EXERCISE DETAILS: Within the entries below, please retype exactly the lines starting with the line that has "这一系列Java程序实现了一" and going on through the line that has "- Execute and", but not the pictures.

PROVIDED INFORMATION:
================

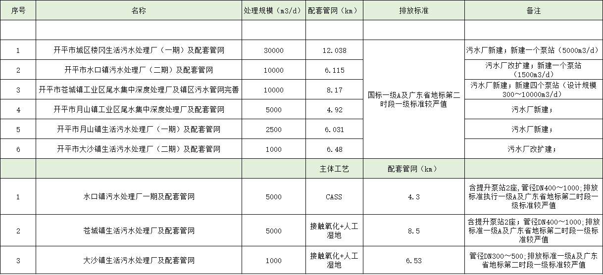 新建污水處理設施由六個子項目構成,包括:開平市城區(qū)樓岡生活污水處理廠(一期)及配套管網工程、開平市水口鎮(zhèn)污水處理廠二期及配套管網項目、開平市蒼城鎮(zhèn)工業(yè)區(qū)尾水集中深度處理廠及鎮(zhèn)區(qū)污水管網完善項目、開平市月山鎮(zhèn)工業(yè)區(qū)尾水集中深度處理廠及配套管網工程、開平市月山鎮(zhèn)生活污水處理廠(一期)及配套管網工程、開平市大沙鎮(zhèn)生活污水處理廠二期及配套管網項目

================

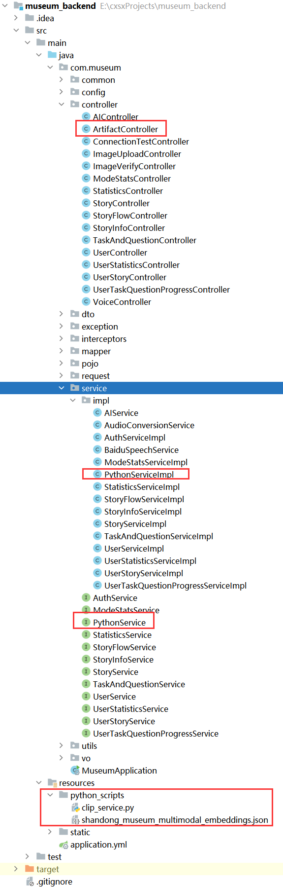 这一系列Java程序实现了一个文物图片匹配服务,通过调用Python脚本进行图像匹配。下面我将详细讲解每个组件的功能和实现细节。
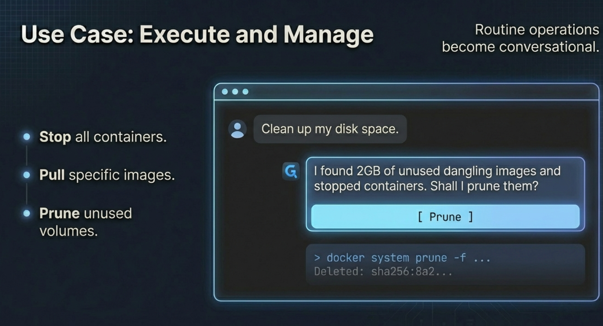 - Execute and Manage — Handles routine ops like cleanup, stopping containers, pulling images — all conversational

================

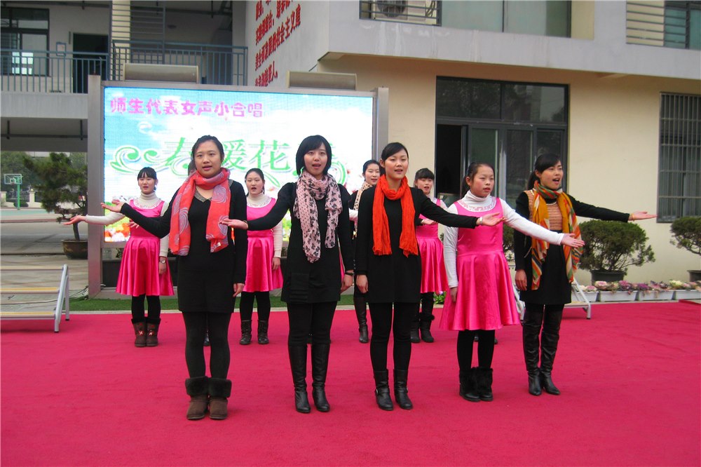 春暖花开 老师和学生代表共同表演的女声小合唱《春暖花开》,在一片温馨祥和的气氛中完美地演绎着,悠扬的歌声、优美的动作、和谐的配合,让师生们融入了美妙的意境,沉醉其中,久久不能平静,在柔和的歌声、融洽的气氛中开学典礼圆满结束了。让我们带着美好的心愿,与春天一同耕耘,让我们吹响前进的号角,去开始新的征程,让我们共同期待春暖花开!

================

RESPONSE FOR THIS EXERCISE:
 这一系列Java程序实现了一个文物图片匹配服务,通过调用Python脚本进行图像匹配。下面我将详细讲解每个组件的功能和实现细节。
 - Execute and Manage — Handles routine ops like cleanup, stopping containers, pulling images — all conversational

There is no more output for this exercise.